The company he worked for then had an office in Princeton.


And after escaping the crushed Marriott by crawling through crevices and finally rappelling down massive piles rubble with others using drapery from the ballroom, he made his way to a fireboat, which took him to Jersey City.

There, a colleague from the Princeton office found him and drove him south, and another employee drove him to St. Francis Medical Center.

After nurses and doctors cleaned the caked debris from his eyes, and evaluated him, he allowed a Times of Trenton reporter to interview him. Despite his ordeal, he volunteered his story of survival.

'Tribute in Light' still honors 9/11 victims 

''I could not believe these two buildings could come down . . . it felt like an earthquake, '' Eisenbarth said from his hospital bed at St. Francis' emergency room 15 years ago. "I still don't know how I got out alive.''

And he's still telling his story today, although not as much as he did in Denver, when he arrived home from Trenton.

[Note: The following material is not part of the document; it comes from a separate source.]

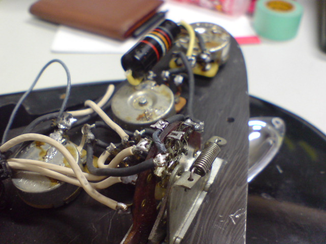 どーですか~1200円バンブルビーなのだ!ハンダはヴィンテージ44、ポッドはCTS2個とフェンダーUSAポッドでした、形はCTSだが刻印ないのよね。
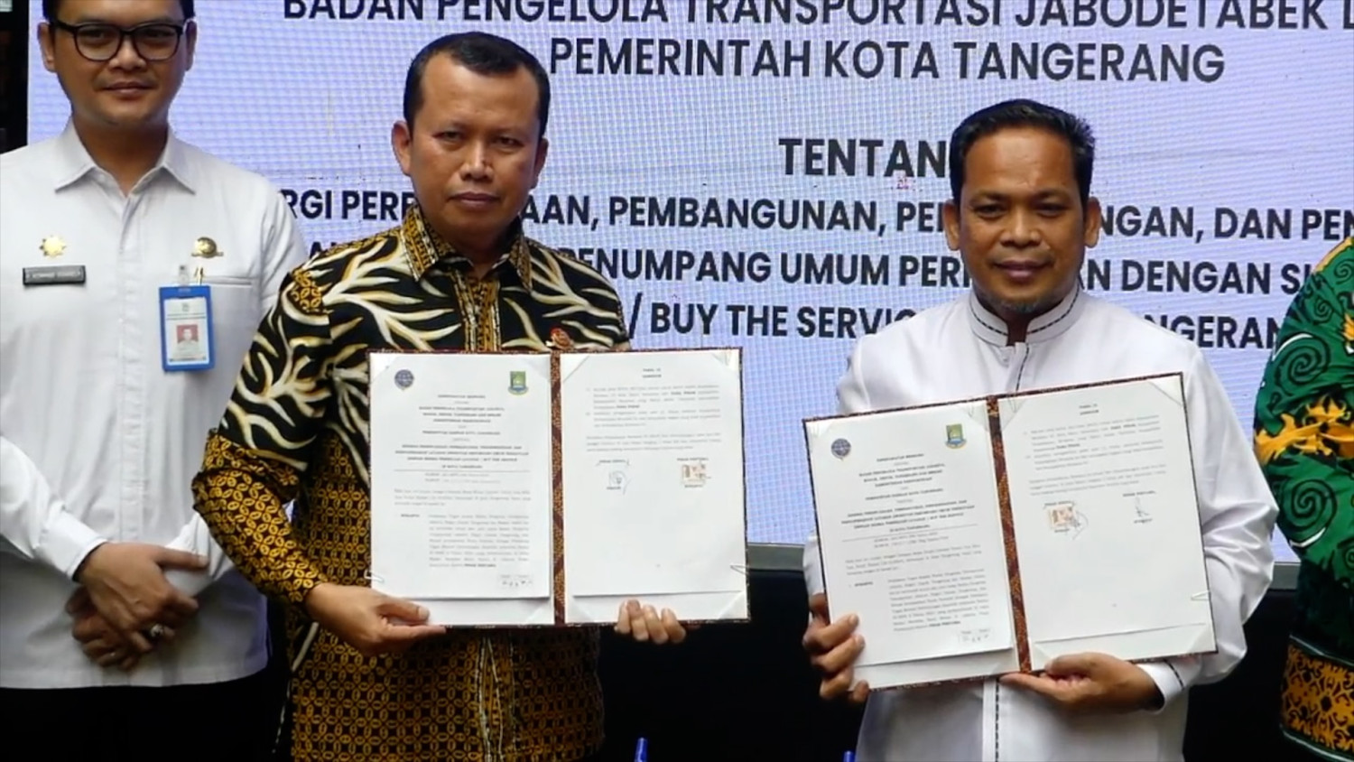 ANTARA - Pemerintah Kota Tangerang, Banten bersama dengan Badan Pengelola Transportasi Jabodetabek (BPTJ) melakukan kerja sama penambahan koridor baru Bus Raya Terpadu (BRT. Kerjasama itu ditandai melalui penandatanganan nota kesepahaman di ruang Pendopo Patio, Pusat Pemerintahan Kota Tangerang, Jumat (18/10).

Eisenbarth, for a while, was the Denver resident who was most affected by 9/11. He talked of his experiences at a church and school, and was interviewed on local television.

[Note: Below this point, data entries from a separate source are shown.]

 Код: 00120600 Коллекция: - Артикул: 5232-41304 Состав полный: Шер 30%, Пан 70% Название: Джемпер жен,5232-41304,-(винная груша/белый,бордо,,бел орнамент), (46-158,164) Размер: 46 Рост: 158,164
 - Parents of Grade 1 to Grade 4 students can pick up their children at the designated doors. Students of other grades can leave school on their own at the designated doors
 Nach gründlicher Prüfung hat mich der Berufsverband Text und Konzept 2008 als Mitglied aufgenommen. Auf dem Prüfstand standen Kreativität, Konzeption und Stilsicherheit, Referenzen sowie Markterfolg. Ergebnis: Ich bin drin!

He displayed his Marriott room card key too, which he still has.

Several years later, Eisenbarth and his family moved to Atlanta, and he's currently living in Phoenix, where he hopes to retire.

Life moves forward, and he's doing well, he said. His kids are in the college and career phase now.

But the horror of 9/11 is always there, just under the surface, he said.

"I feel it quite often," he said.

"The one things that reminds me on a constant basis is a thunderstorm, it puts goose bumps on my arms," he said.

Weather has been a constant reminder. On the first anniversary of the attacks, Eisenbarth said the sound of storms reminded him of the sounds he heard on 9/11.

They still do.

"When I hear thunder it reminds me of the buildings coming down," he said Friday.

And at any minute, he can put himself on those piles of rubble as sirens wailed and ash was everywhere - as he scaled slabs of debris while still carrying his computer bag slung on his shoulder.

He says now he recalls throwing the bag down the rubble, then using the drapery to maneuver to safety, picking up his computer bag and walking to safety.

"That's something I can live every day," he said.

15629 Eisenbarth 1 fjEisenbarth describes his survival while at St. Francis Medical Center in Trenton on Sept. 11, 2001. (Times of Trenton file photo)
 

Although he considers himself healthy, Eisenbarth has suffered long-term hearing loss - about 30 percent in both ears - which he traces to 9/11, as well as a persistent cough.

Headlines about 9/11-related illnesses and cancers make him nervous. "It's just another worry," he said.

He did go back to what was then Ground Zero, before the first anniversary, to walk the site and retrace his steps, which he said was a good healing moment.

And he's been back to the World Trade Center two more times, but he has not yet planned enough time to visit the memorial.

He's obviously eager to see the Marriott Hotel's portion of the memorial, which he has heard about from a network of hotel survivors he keeps in touch with.

While Eisenbarth is willing to talk of his 9/11 experiences, he hasn't appeared in several of the 9/11 documentaries that have sought to interview him on camera.

It's partly because he lives on the west coast, but also it's just not his thing, and he does not begrudge anyone who does. He did contribute to an upcoming book specifically about Marriott survivors, he said.

Eisenbarth said his message to anyone about that day is simple: it's the one most synonymous with September 11, 2001.

"Never forget," he said. "Just never forget."